Some schools say boycotting would cost them leverage over the magazine to improve the system. Others say the rankings and general admissions anxiety, while a concern, just aren’t at the top of their agenda.
“I’m more concerned about students who aren’t paying any attention to their college search than I am about students who are paying too much,” said Stephen Farmer, director of admissions at the University of North Carolina.
Thacker calls his campaign “a test of character” for college presidents. He insists many are eager to sign on, but face pressure from their boards of trustees, whose members often come from the business world.
The ranking system is “numerical, it’s a balance-sheet kind of bottom-line analysis that they’re really familiar with,” he said. Some universities, such as Baylor, have made rising in the U.S. News rankings an explicit goal; Arizona State has even made it a financial incentive in the president’s contract.
Privately, some admissions deans who dislike the magazine’s influence say the rankings have powerful supporters on campus. One dean of a prominent college said it’s considered gauche to brag about the school’s ranking, but nobody wants to tell parents and alumni they can’t do so.
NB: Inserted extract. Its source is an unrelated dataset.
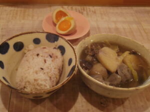 雑穀ご飯、芋煮、味玉。ホントに何一つ夕飯を用意する気力が無かった日で、味玉あって良かったー。2日前の自分に感謝!の夕飯だった。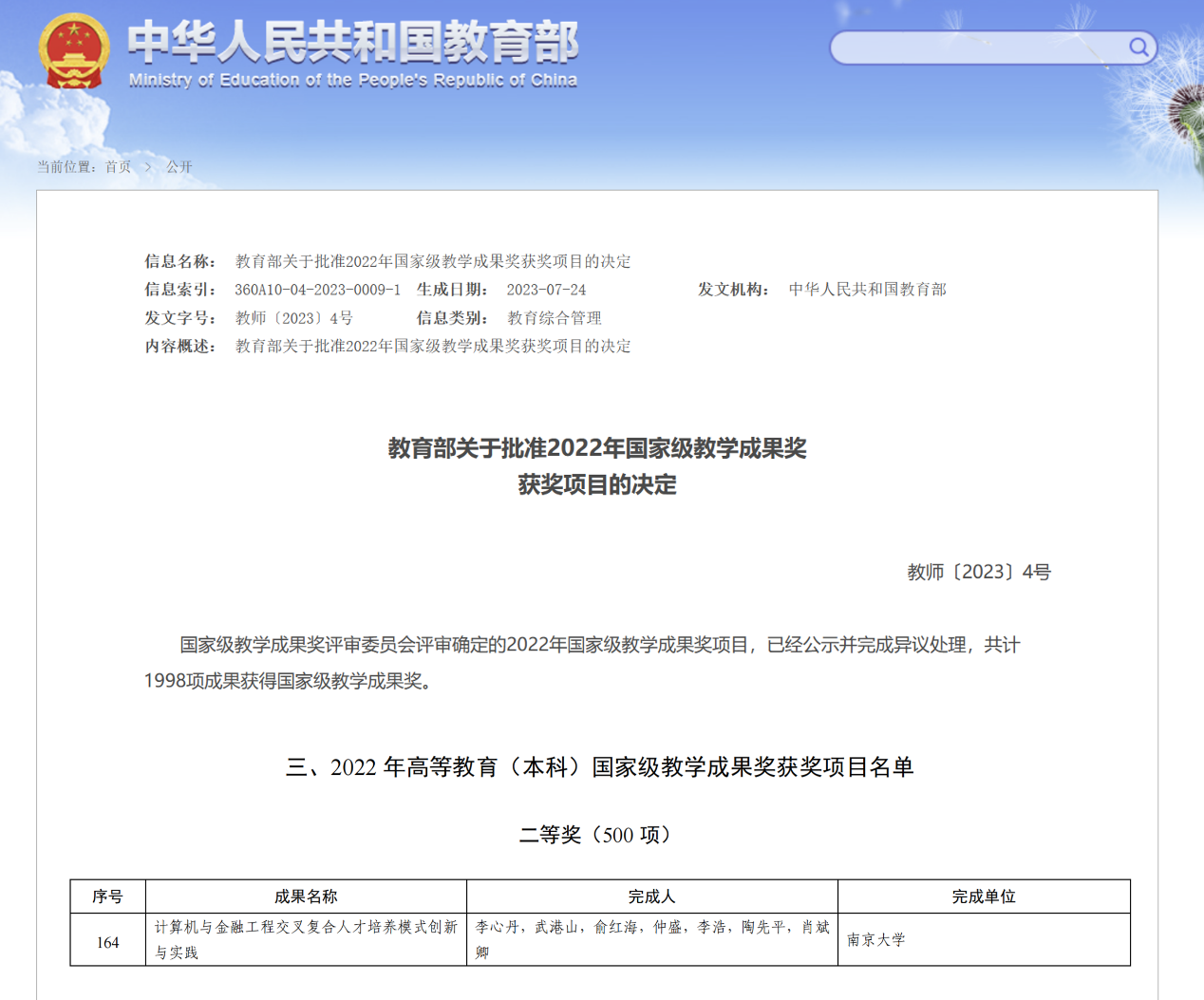 2023年7月24日,2022年高等教育国家级教学成果奖正式公布。根据教育部教师(2023)4号“教育部关于批准2022年国家级教学成果奖获奖项目的决定”,betway88西汉姆联和计算机科学与技术系联合申报的教学成果《计算机与金融工程交叉复合人才培养模式创新与实践》荣获高等教育(本科)国家级教学成果奖二等奖。该项目的主要完成人为李心丹,武港山,俞红海,仲盛,李浩,陶先平,肖斌卿。

Said another: “The biggest issue in the rankings isn’t admissions, it’s probably fundraising.”
And it’s the lower-ranked colleges that feel they have the most to lose.
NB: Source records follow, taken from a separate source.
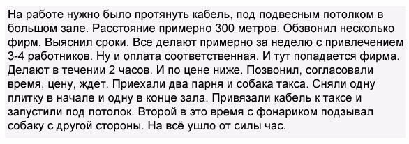 Надо было что-то делать. Но что? Над проблемой кто угодно ломал бы голову, но только не Вуд. Его взгляд упал на гуляюшую поблизости кошку, и решение пришло тут же. Вуд схватил кошку и, незвирая на ее отчаянное сопротивление, засунул в трубу. И тут же заткнул отверстие. Теперь уже кошке предстояло искать выход из положения. В другом конце трубы брезжил свет, и кошка поползла к нему. Протискиваясь к свободе, она собирала шерстью паутину со стен темницы.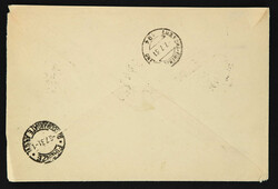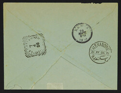 1906, cover sent from Derna to Benghazi via Crete island bearing 1905 issue pair 20 para tied by bilingual "DERNA" postmark, on reverse Xania, La Canea and Alexandria transit cds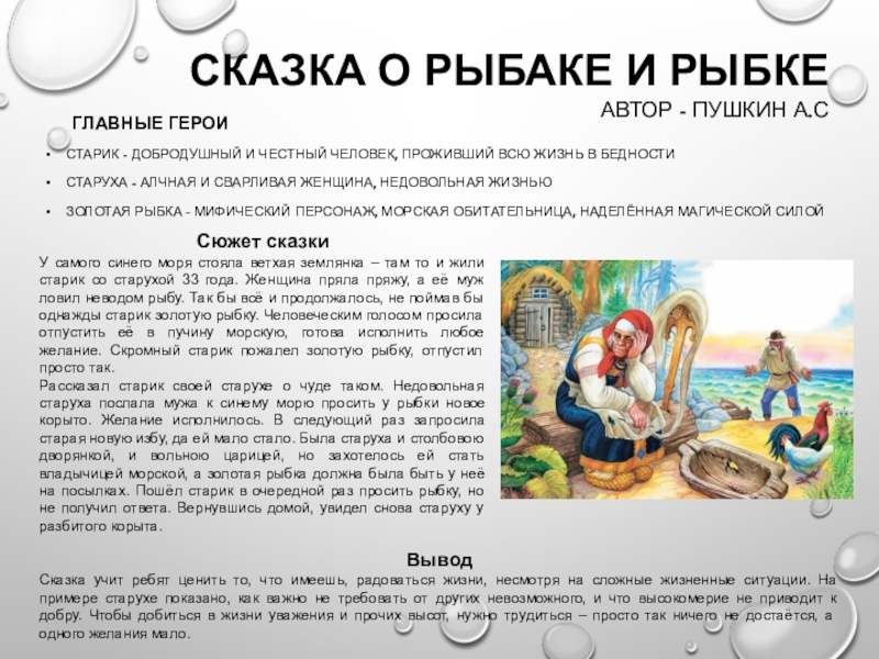 У самого синего моря стояла ветхая землянка – там то и жили старик со старухой 33 года. Женщина пряла пряжу, а её муж ловил неводом рыбу. Так бы всё и продолжалось, не поймав бы однажды старик золотую рыбку. Человеческим голосом просила отпустить её в пучину морскую, готова исполнить любое желание. Скромный старик пожалел золотую рыбку, отпустил просто так.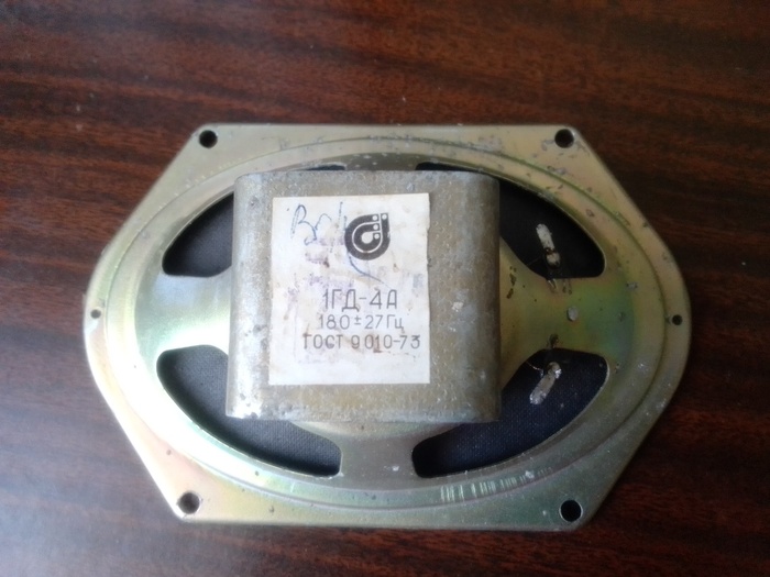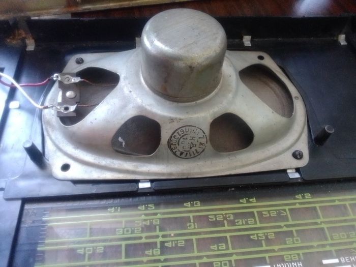 В первой части говорил, что динамик в этом приёмнике не очень. Нашёл ему на замену 1ГД-36. Хоть и не 3ГДШ-1-8 с его аж 12500 Гц верхней границы, но тут и 10000 Гц сойдёт. Снимаем штатный 1ГД-4А. Обратите внимание на его (я так понял) нижнюю границу частот:

“The schools pay a lot more attention to the rankings than most of them claim,” said John Maguire, founder of a Massachusetts-based consulting firm that advises colleges. His research has found that rankings, while not the top reason, do play a significant role in determining which colleges students pick.
At trustee meetings, “when you jump up a couple points, everybody says ‘Alleluia,’” he said. But at one client school that slipped from the second to the third quartile, “there was mass depression.”
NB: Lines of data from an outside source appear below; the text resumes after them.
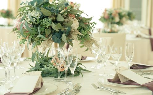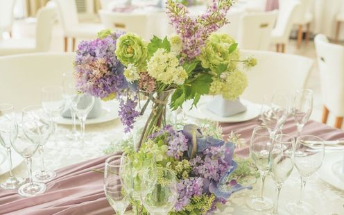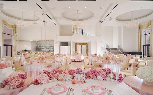 エントランスからパーティルーム、ガーデン、プールサイドまでふたりの憧れのイメージに沿って専属フローリストがセンスよくおもてなし空間を創り上げます。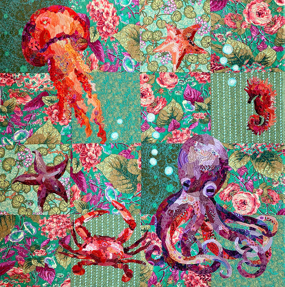 Dive into this beautiful world of sea creatures to create a collage quilt for an ocean lover in your life!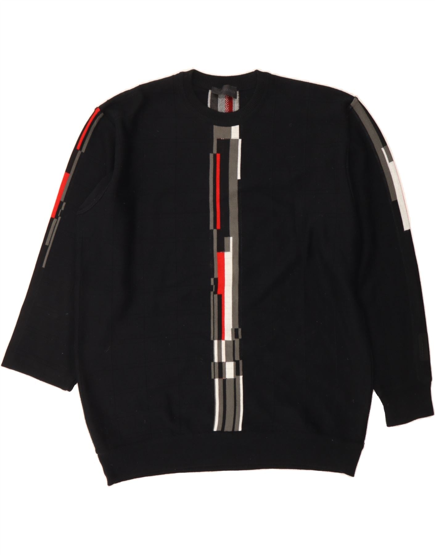 CARLO COLUCCI Mens Crew Neck Jumper Sweater IT 54 XL Black Striped Cotton

That pressure may explain why even some of the colleges listed as signers of Thacker’s letter promising to quit using rankings to advertise themselves haven’t done so.
Wesleyan College in Georgia still bragged this week on its Web site that Wesleyan “is consistently ranked as one of America’s Best Colleges by U.S. News & World Report,” and still had posted a 600-word release from last August touting its scores. Birmingham-Southern was still boasting that for 13 straight years it “has been ranked among the top National Liberal Arts Colleges in the country by U.S. News & World Report,” among other accolades.
Other signees to Thacker’s letter don’t mention the magazine but still brag about rankings. “Top-ranked nationally by all widely regarded sources,” says the Web site of Holy Cross in Massachusetts. “Ranked consistently in the top tier of the nation’s liberal arts colleges,” gushes the admissions Web site at Gettsyburg College, whose president, Katherine Will, has been one of the more outspoken rankings critics.
Brian Kelly, editor of U.S. News, says the protesters have it all wrong; the publicity from appearing in the rankings at all is good for their colleges. And he says the efforts by Thacker’s group to develop an alternative system to get students information about colleges miss the point. There is already ample college data available. People come to U.S. News to make sense of it all.
“If you look at the way people buy cars, refrigerators, the health care plans we rank, or hospitals, consumers are hungry for hard data they can use,” Kelly said. “But you can’t just give people just lumps of data. You have to help them sort their way through it.”